In afwijking van Artikel 8 heeft het Verenigd Koninkrijk toegang tot de in bijlage IV vermelde netwerken, informatiesystemen en databanken, voor zover dat strikt noodzakelijk is om zijn rechten uit te oefenen en te voldoen aan zijn verplichtingen uit hoofde van dit Artikel. Het Verenigd Koninkrijk vergoedt de Unie de werkelijke kosten die de Unie draagt als gevolg van het faciliteren van die toegang.

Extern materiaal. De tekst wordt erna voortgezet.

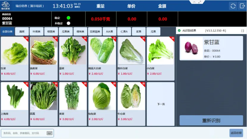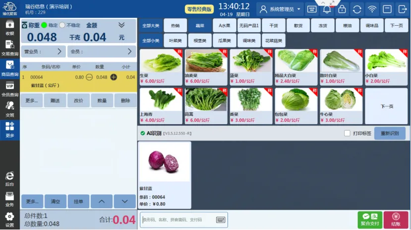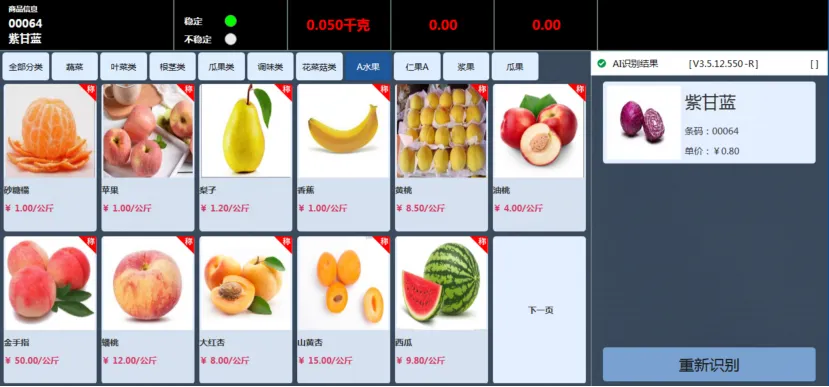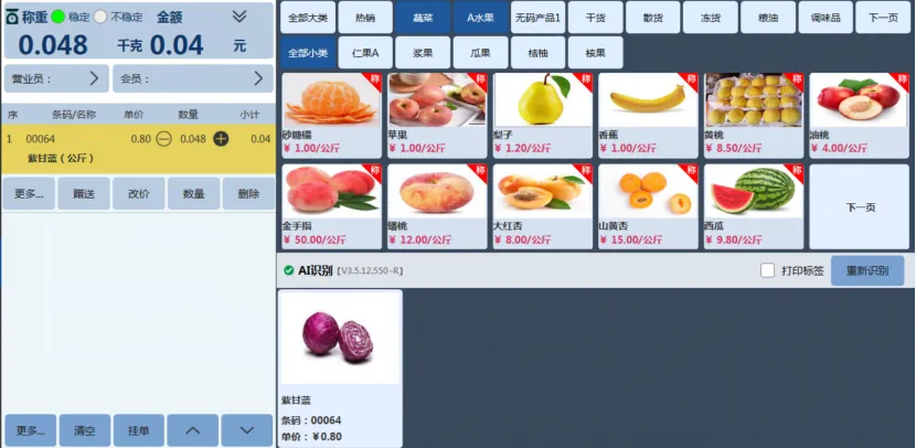 这款一体机的核心亮点,不仅是贴合生鲜、干货店经营场景的收银/标签一键切换设计,更搭载了高效AI识别功能,操作极简,无需复杂调试,哪怕是新员工,短时间熟悉后也能熟练操作。日常商品上架时需要打印预包装标签时,一键切换至标签模式,开启AI识别,无论是生鲜果蔬、鲜肉水产,还是干货炒货、散装杂粮,只需将商品放在秤盘上,AI摄像头可快速识别商品品类,配合高精度称重模块完成计量,自动匹配预设单价,同步打印规范标签,清晰标注品名、重量、价格、生产日期等关键信息,贴标即上架,既合规又高效,彻底告别手动写价、错标漏标的麻烦,识别准确率超99%,单次识别耗时低于0.1秒,大幅提升贴标效率。

De Unie deelt het Verenigd Koninkrijk het bedrag van deze kosten uiterlijk op 31 maart van elk jaar mee tot het einde van de periode bedoeld in bijlage IV. In het geval dat de meegedeelde werkelijke kosten sterk afwijken van de beste ramingen die voor de ondertekening van dit akkoord door de Unie werden meegedeeld aan het Verenigd Koninkrijk, betaalt het Verenigd Koninkrijk onverwijld aan de Unie het bedrag van de beste ramingen en bepaalt het Gemengd Comité de wijze waarop het verschil tussen de werkelijke kosten en het bedrag van de beste ramingen moet worden afgewikkeld.
Voetnoten
Richtlijn 2010/24/EU van de Raad van 16 maart 2010 betreffende de wederzijdse bijstand inzake de invordering van schuldvorderingen die voortvloeien uit belastingen, rechten en andere maatregelen (PB L 84 van 31.3.2010, blz. 1).